To restore an arifact, use the exp.restore_artifact() method.

exp.restore_artifact('mydata.pkl')
=> 'some other object'

Working with large amounts of log data

The tracking system is designed to work with large amounts of data. The data is stored in the om.datasets storage system. Each call to one of the exp.log_*() methods stores the data as a single event object. If the data is too large to be retrieved as a single dataframe, use the exp.data(batchsize=N) method to return the data in batches of size N.

for i, df in enumerate(exp.data(batchsize=1)):
    print(f"batch {i} is a dataframe of size {len(df)} with columns {df.columns}")
=>
batch 0 is a DataFrame of size 1 with columns {'run', 'key', 'node', 'experiment', 'value', 'userid', 'event', 'dt', 'step', 'name'}
batch 1 is a DataFrame of size 1 with columns {'run', 'key', 'node', 'experiment', 'value', 'userid', 'event', 'dt', 'step', 'name'}
batch 2 is a DataFrame of size 1 with columns {'run', 'key', 'node', 'experiment', 'value', 'userid', 'event', 'dt', 'step'}
batch 3 is a DataFrame of size 1 with columns {'run', 'key', 'node', 'experiment', 'value', 'userid', 'event', 'dt', 'step'}
batch 4 is a DataFrame of size 1 with columns {'run', 'key', 'node', 'experiment', 'value', 'userid', 'event', 'dt', 'step'}

To retrieve the data as a lists of dictionaries instead of DataFrame objects, add the raw=True parameter.
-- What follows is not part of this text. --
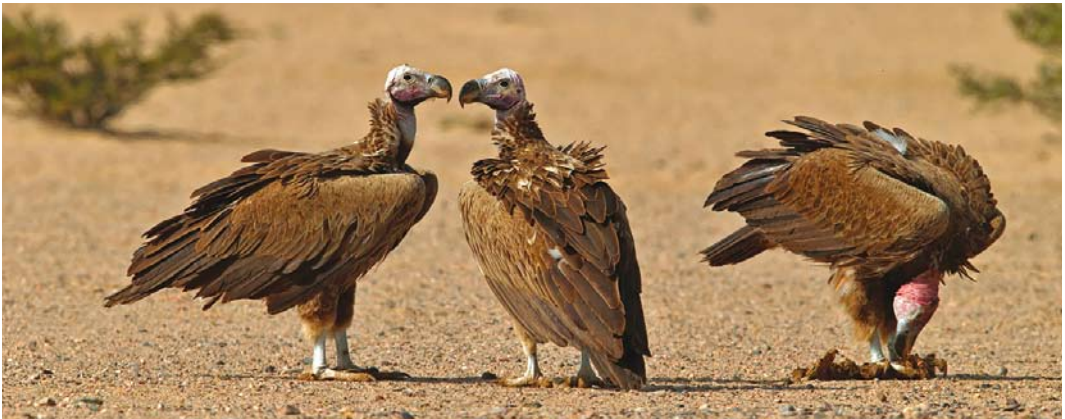
181 Brown-necked Raven / Bruinnekraaf Corvus ruficollis , Pantelleria, Italy, 2 March 2017 182 Brown-necked Raven / Bruinnekraaf Corvus ruficollis , Teguise, Lanzarote, Canary Islands, 5 February 2017 183 Lappet-faced Vultures / Oorgieren Torgos tracheliotos , Bir Shalatayn, Egypt, 14 February 2017

Hungary, a total of 1555 individuals was estimated to be present at nine sites situated in six national parks (Aquila 121: 37-63, 2014). In Central Asia, remnant populations were small and isolated in the beginning of the 21st century, the species being rare or almost extinct in former Soviet republics and provinces in Russia, except for Saratov (but 'population requires continued monitoring' here after a decline from 3000 to 900 individuals in 1998-2013) and perhaps Samara ('rare') (Aquila 121: 107-132, 2014).

for i, d in enumerate(exp.data(batchsize=1, raw=True)):
print(f"batch {i} is a list of dicts of size {len(d)} with keys {set(d[0].keys())}")
=>
batch 0 is a list of dicts of size 1 with keys {'name', 'node', 'experiment', 'run', 'dt', 'value', 'event', 'key', 'userid', 'step'}
batch 1 is a list of dicts of size 1 with keys {'name', 'node', 'experiment', 'run', 'dt', 'value', 'event', 'key', 'userid', 'step'}
batch 2 is a list of dicts of size 1 with keys {'node', 'experiment', 'run', 'dt', 'value', 'event', 'key', 'userid', 'step'}
batch 3 is a list of dicts of size 1 with keys {'node', 'experiment', 'run', 'dt', 'value', 'event', 'key', 'userid', 'step'}
batch 4 is a list of dicts of size 1 with keys {'node', 'experiment', 'run', 'dt', 'value', 'event', 'key', 'userid', 'step'}

To retrieve the data in raw storage format, use the exp.data(lazy=True, raw=True) method, which returns a Cursor object.

cursor = exp.data(lazy=True, raw=True)
for i, d in enumerate(cursor):
    print(f"batch {i} is a dict with keys {set(d.keys())}")
=>
batch 0 is a dict with keys {'data', '_id'}
batch 1 is a dict with keys {'data', '_id'}
batch 2 is a dict with keys {'data', '_id'}
batch 3 is a dict with keys {'data', '_id'}
batch 4 is a dict with keys {'data', '_id'}

Tracking Providers

The tracking system is designed to be flexible and extensible. The default tracking provider logs all data to om.datasets. Other tracking providers can be added by subclassing TrackingProvider, and adding them to the defaults.TRACKING_PROVIDERS setting. omega-ml provides several tracking providers out of the box:

  • default: Logs all data to om.datasets and collects task inputs and outputs and basic statistics

  • profiling: Logs all data to om.datasets and collects detailed system statistics such as cpu and memory usage

  • notrack: Disables all tracking

The default tracking provider is used by default. To use a different tracking provider, specify the provider name in the om.runtime.experiment context manager.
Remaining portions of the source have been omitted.